Через 30-40 секунд из облаков из-за ТЭЧ вынырнула ЭЛка. Метнувшись между ближним приводом и торцом ВПП с бешеным левым креном она с трудом умостилась на край ВПП, плюхнувшись как ворона, всеми тремя колесами одновременно.


- П-п-посадка, 229-й, - Вовик от волнения иногда слегка заикался.


- Освобождай полосу, 229-й, после заруливания ко мне зайдешь.

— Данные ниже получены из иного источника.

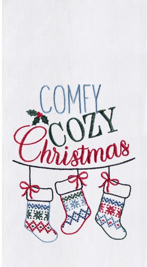 Winter "Comfy Cozy Christmas" Sentiment Featuring Hanging Stockings Cotton Flour Sack Kitchen Dish Towel 27L x 18W in.
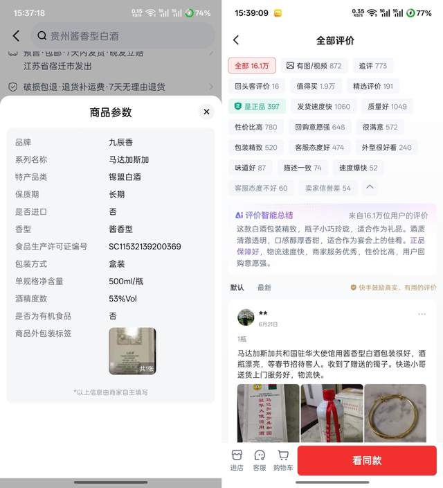 此外評論區顯示有16.1萬評論,但是實際評論不到3萬條,AI總結這款白酒包裝精緻,瓶子小巧玲瓏,適合作為禮品。酒質清澈透明,口感醇厚香甜,適合作為宴會上的佳餚。正品保障好,物流速度快,商家服務優秀,性價比高,用户回購意願強。

Спустя 15 минут я тихо покуривал на лестничной клетке на втором этаже ртищевского КДП. С грохотом распахнулась железная дверь в «воронью будку» на третьем этаже и впереди собственного визга и грохота ботинок по лестнице ссыпался Сэм. Пролетел мимо меня, даже не стрельнув сигарету (для Сэма немыслимо). А вслед ему из-за незакрытой двери неслось: «... Я, бля, старый майор, замкомэска, нах, не позволяю себе в такую погоду еще и шторками закрываться!!! А тут щенки сопливые авиашоу из учебных полетов устроили, бля!! 2 недели без полетов, и пусть хоть одна б##дь попробует за него заступиться!!!»



***


Чтобы самолеты не наезжали друг на друга при полете по кругу, когда на этом самом кругу одновременно висит 10-12 бортов, 1 и 3 развороты разрешаются только после выполнения впереди идущим соответственно 2 и 4 разворота. Увидел впереди идущего справа (или слева, смотря с каким стартом работаем) - можно самому штурвал крутить. Один клоун разворот чуть прощелкает - все остальные из очереди сзади вынуждены тоже затягивать. В итоге к пересменке\заправке круг вытягивается соплей по 10 лишних км. с каждой стороны. Если борт возвращается из зоны, где высота полета от 1200 до 3000 м. (круг на 300), то основная задача - не сесть на голову тем, кто под тобой по кругу ходит. Поэтому перед снижением до высоты круга к обычному докладу надо добавлять «... впереди наблюдаю». И при этом, правда, надо видеть того, за кем в очередь встаешь. Валера Астахов возвращался из зоны, снизился с ДПРМ (дальнего приводного радиомаяка, или просто «дальнего привода») к первому до 600 метров, обогнав при этом очередного ур-р-рода, забывшего про первый разворот. Выпав в блистер, Валера с праваком прозревали все окрестности, в том числе и под и над собой и сзади и спереди - блистер на ЭЛке большой, и тихо исходили злобой. «Сейчас этот кОзел затянет круг, мы вместе с ним - зону, круг - соплей, а у нас еще полплана не выполнено, - бурчит Вадик Сверчков по СПУ, - сядем последними, еще заправка, чехление, машина в городок уйдет, ждать никто не станет, с-собаки серые, - Вадик умел быть нудным, - потопаем потом пешком домой, как раз на последний сухарь в столовой успеем... если оставят.» Валера от этой перспективы звереет и принимает мужское решение. Так родился доклад: «187-й, на первом 600, ПОЗАДИ наблюдаю».


***


А Андрюха Тымчук до того привык со стартом 83 летать, что когда однажды из-за ветра старт на 263 развернули, он про сей факт напрочь забыл. Правак спал, борттехник нагло давил харю со взлета, Андрюха привел самолет на привод и, не особо утруждая себя размышлениями о взаимном положении ДПРМ и ВПП, вошел в круг полетов «против шерсти», т.е. навстречу движению. Перехватили его, когда он уже с 600 к 300 метрам снижался. Ох, и крика в эфире было! Тыма потом на свою предпосылку недели две плакат из 6 ватманов рисовал со схемой полета, своим радиообменом, пеленгами, высотами и прочей лабудой.



***


А вот еще одна радиофишка - непереключение с частоты СТАРТА на ПРИБОЙ (пеленгатор) - это был Ртищевский национальный спорт по под##бам.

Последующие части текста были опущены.